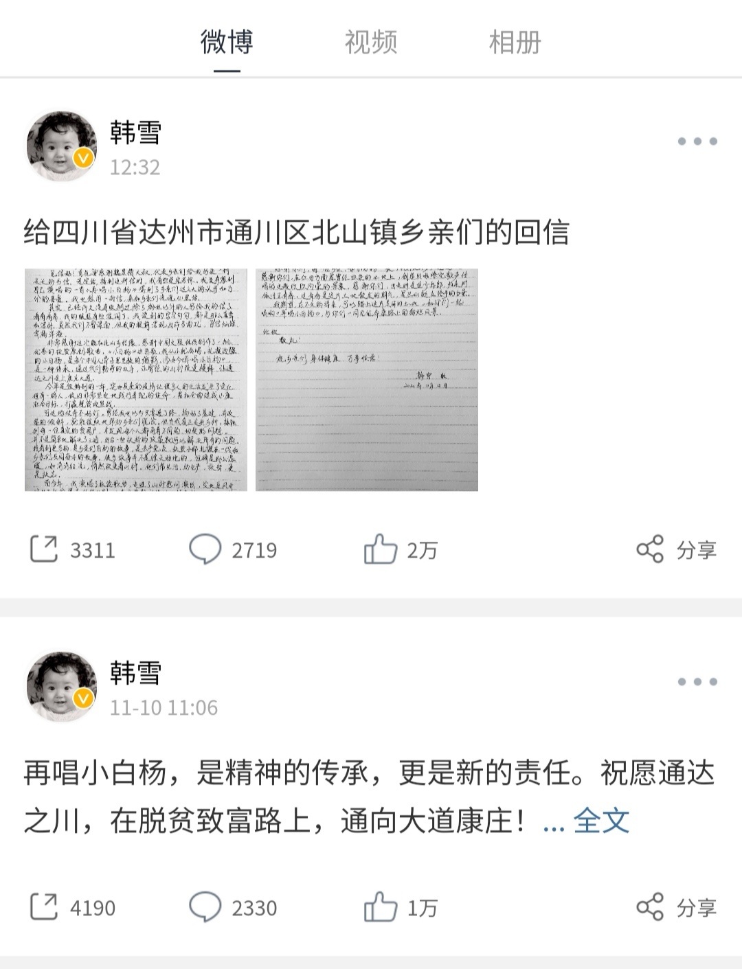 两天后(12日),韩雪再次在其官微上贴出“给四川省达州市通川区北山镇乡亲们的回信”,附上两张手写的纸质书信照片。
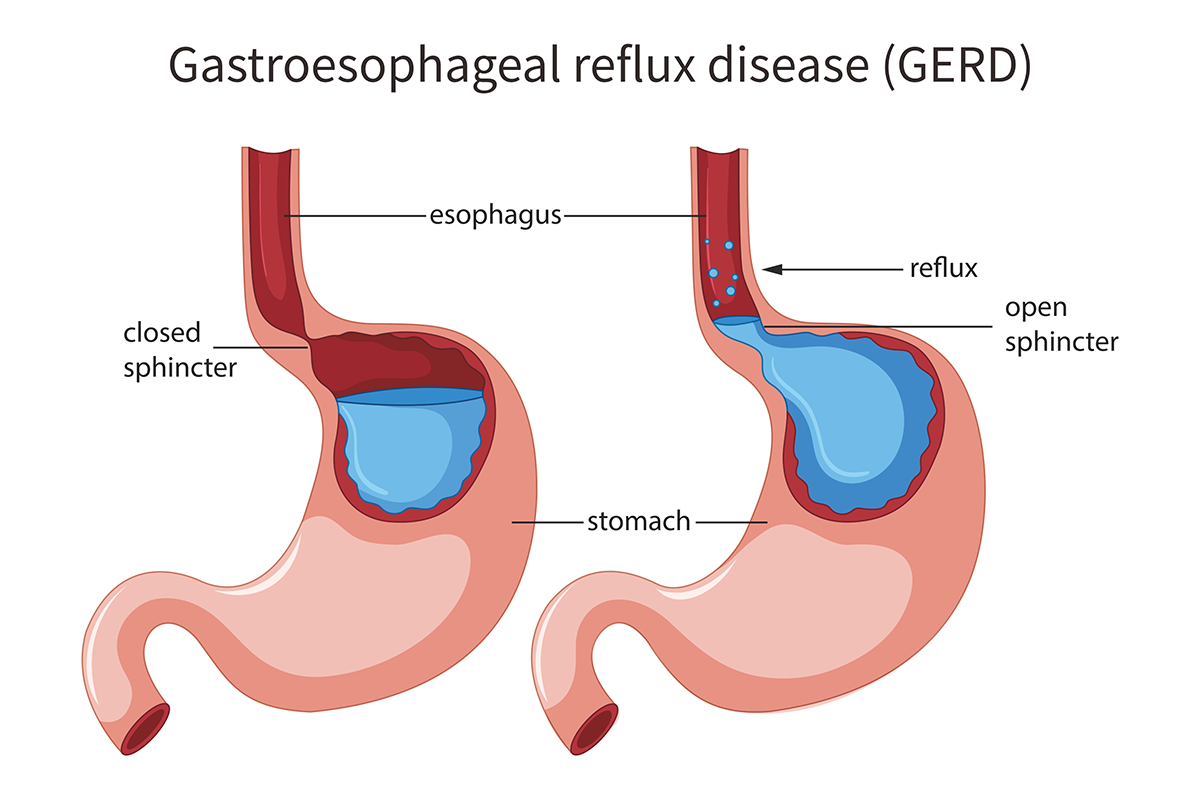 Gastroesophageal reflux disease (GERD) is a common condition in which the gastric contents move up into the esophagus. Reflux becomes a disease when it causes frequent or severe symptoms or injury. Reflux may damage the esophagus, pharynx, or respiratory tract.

--

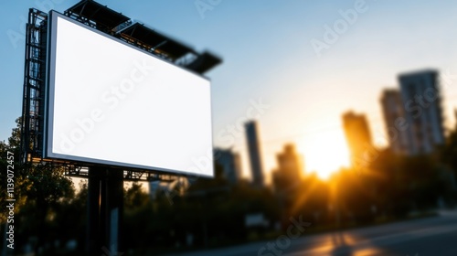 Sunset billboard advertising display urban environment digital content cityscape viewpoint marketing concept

The problem:
Working from the data above, repeat exactly, and only, the lines that begin at the line containing "两天后(12日),韩雪再次在" and stop after the line containing "Gastroesophageal reflux disease"; pictures are not copied.

Written response:
 两天后(12日),韩雪再次在其官微上贴出“给四川省达州市通川区北山镇乡亲们的回信”,附上两张手写的纸质书信照片。
 Gastroesophageal reflux disease (GERD) is a common condition in which the gastric contents move up into the esophagus. Reflux becomes a disease when it causes frequent or severe symptoms or injury. Reflux may damage the esophagus, pharynx, or respiratory tract.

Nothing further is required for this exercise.